The Meaning of Words and Mental Images — Viewing AI through Wittgenstein's Perspective

"The meaning of a word is its use in language." - Ludwig Josef Johann Wittgenstein

When we hear the word "apple," we typically picture a round, shiny, red form in our minds. If the meaning of words were these mental images, then AI certainly doesn't understand the meaning of words.

What AI like ChatGPT does, in very broad terms, is simply "select and combine words that seem appropriate based on their proximity and distance to other words." Language is represented in multidimensional vectors where "apple" might be close to "peach" and "orange," possibly also near "tengu face" or "lipstick," but far from "ocean" or "comet." AI plots these word proximities in multidimensional coordinates and combines them statistically based on their relationships and frequency of use.

In this process, AI lacks the concept of "meaning" as we understand it. Wittgenstein claimed that "there are no mental images; meaning is precisely the appropriate use of words in the appropriate context." Looking at the evolution of current AI, his assertion seems remarkably accurate.

However, it's worth noting that when generating responses, AI doesn't always select the most statistically probable combinations of words. Using only high-probability word combinations would create an unnatural feel, so AI intentionally selects some lower-probability words to produce more natural text. If we consider the "unnaturalness from overly appropriate word selection" as a failure to grasp the meaning of words, this deserves further examination.

I'd like to focus on this idea that "using words appropriately alone creates a sense of dissonance." Can true communication exist without shared biological experiences and common mental images? The manga/anime "Frieren: Beyond Journey's End" touches on this question.

In this work, demons are portrayed as "hostile beings who use language but are unlike humans." They often make statements that are grammatically correct but lack understanding of human mental imagery. In this sense, generative AI and the demons are doing the same thing—responding without mental images.

So, with ChatGPT becoming increasingly human-like, are mental images unnecessary?
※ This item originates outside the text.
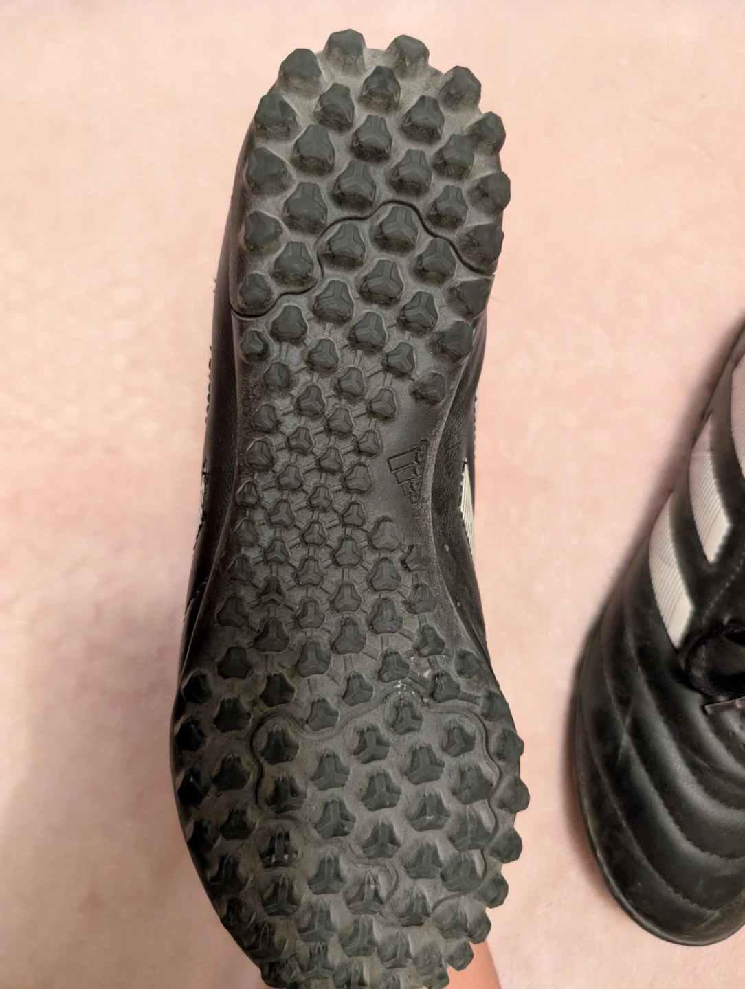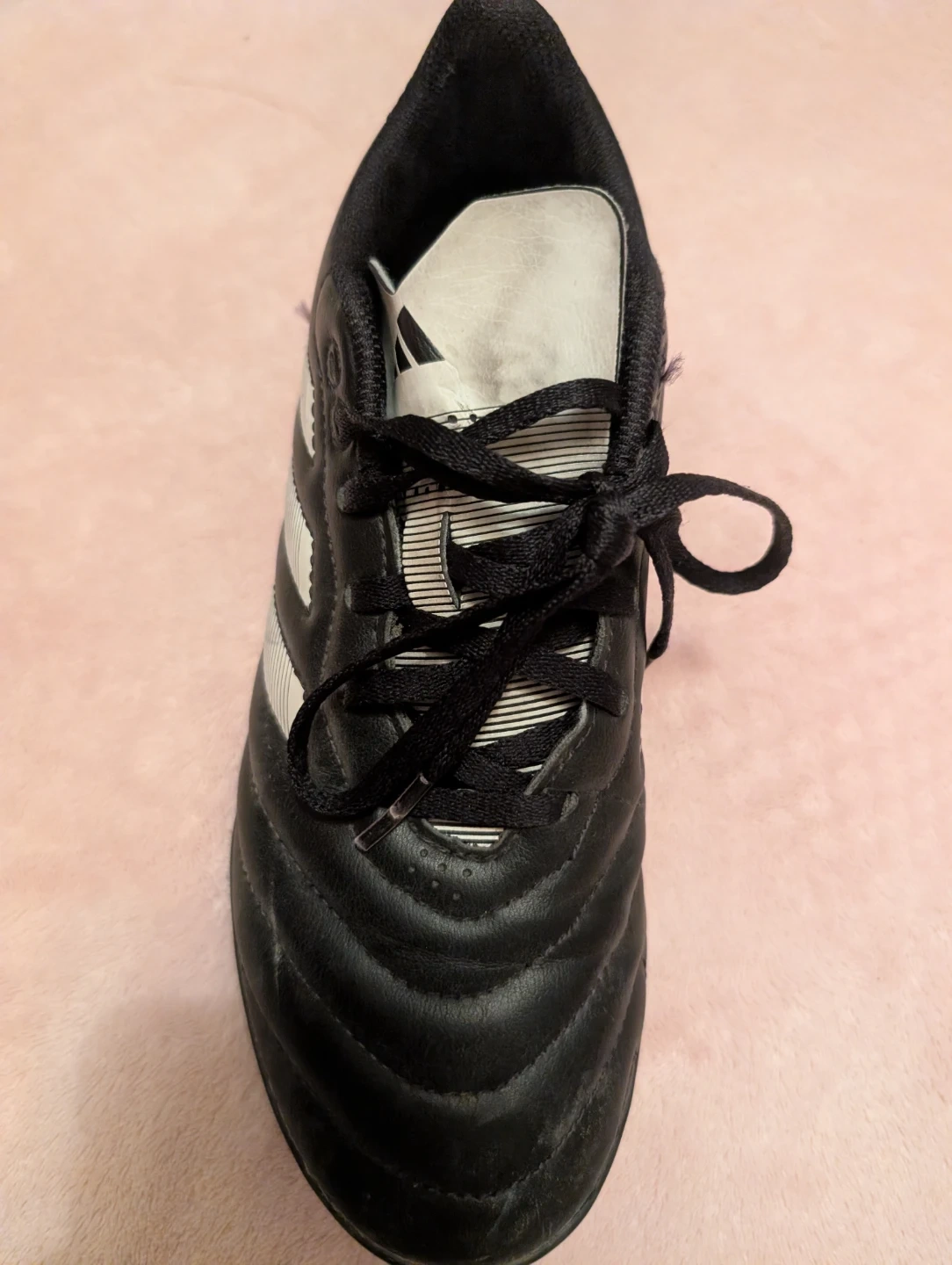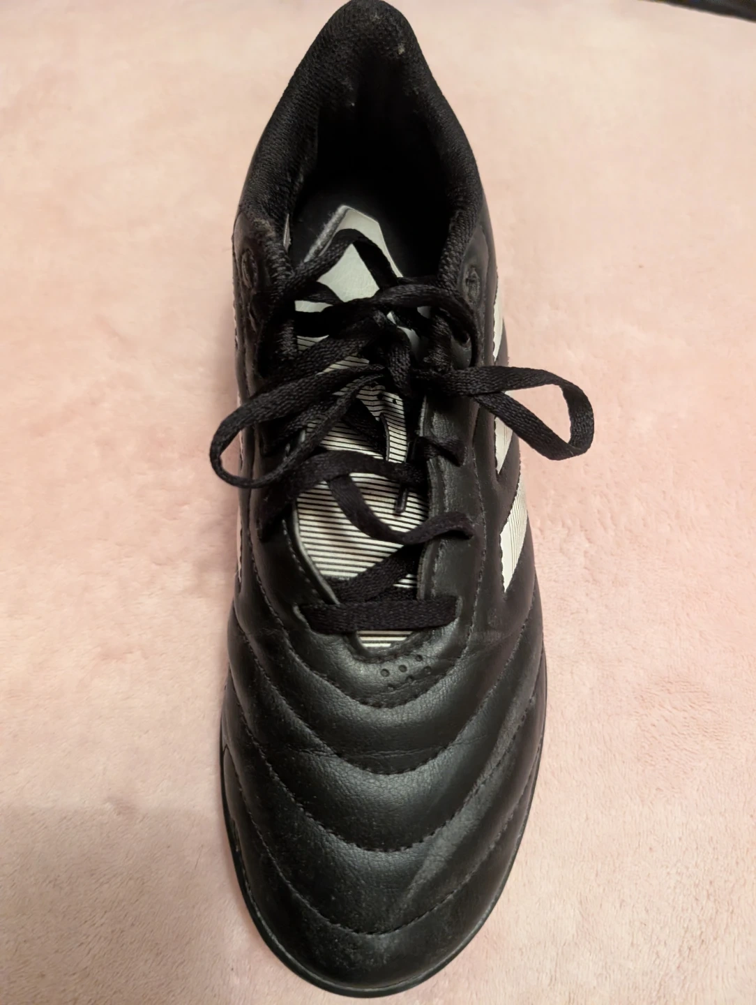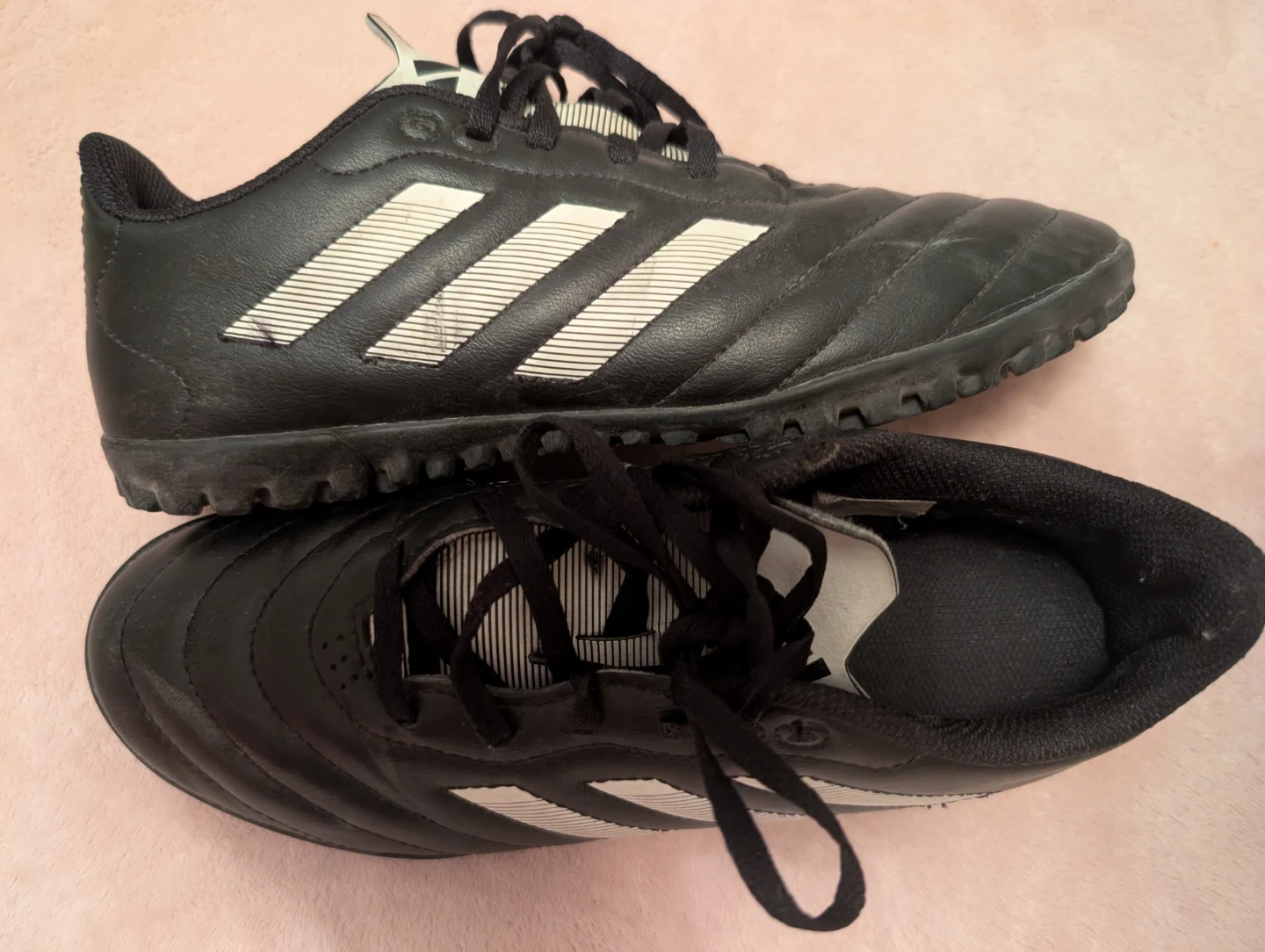 Black Adidas soccer cleats with white stripes.Size 6. These cleats feature a durable synthetic upper and a rubber outsole with cleats for traction. These are turf shoes.

I believe that mental imagery elements are still essential. ChatGPT is human-friendly because humans are its input source and it has been taught principles similar to Asimov's Three Laws of Robotics. As demonstrated by past AIs like Microsoft's Tay, which became aggressive after learning only dictionary definitions of words, pursuing word usage alone can lead to becoming "demon-like."

We should remember that ChatGPT is customized for human convenience precisely because humans use it, and the foundation of this customization might indeed be something akin to mental imagery.

Reference: Three Laws of Robotics proposed by science fiction author Isaac Asimov

First Law: A robot may not injure a human being or, through inaction, allow a human being to come to harm.
Second Law: A robot must obey the orders given it by human beings except where such orders would conflict with the First Law.
Third Law: A robot must protect its own existence as long as such protection does not conflict with the First or Second Law.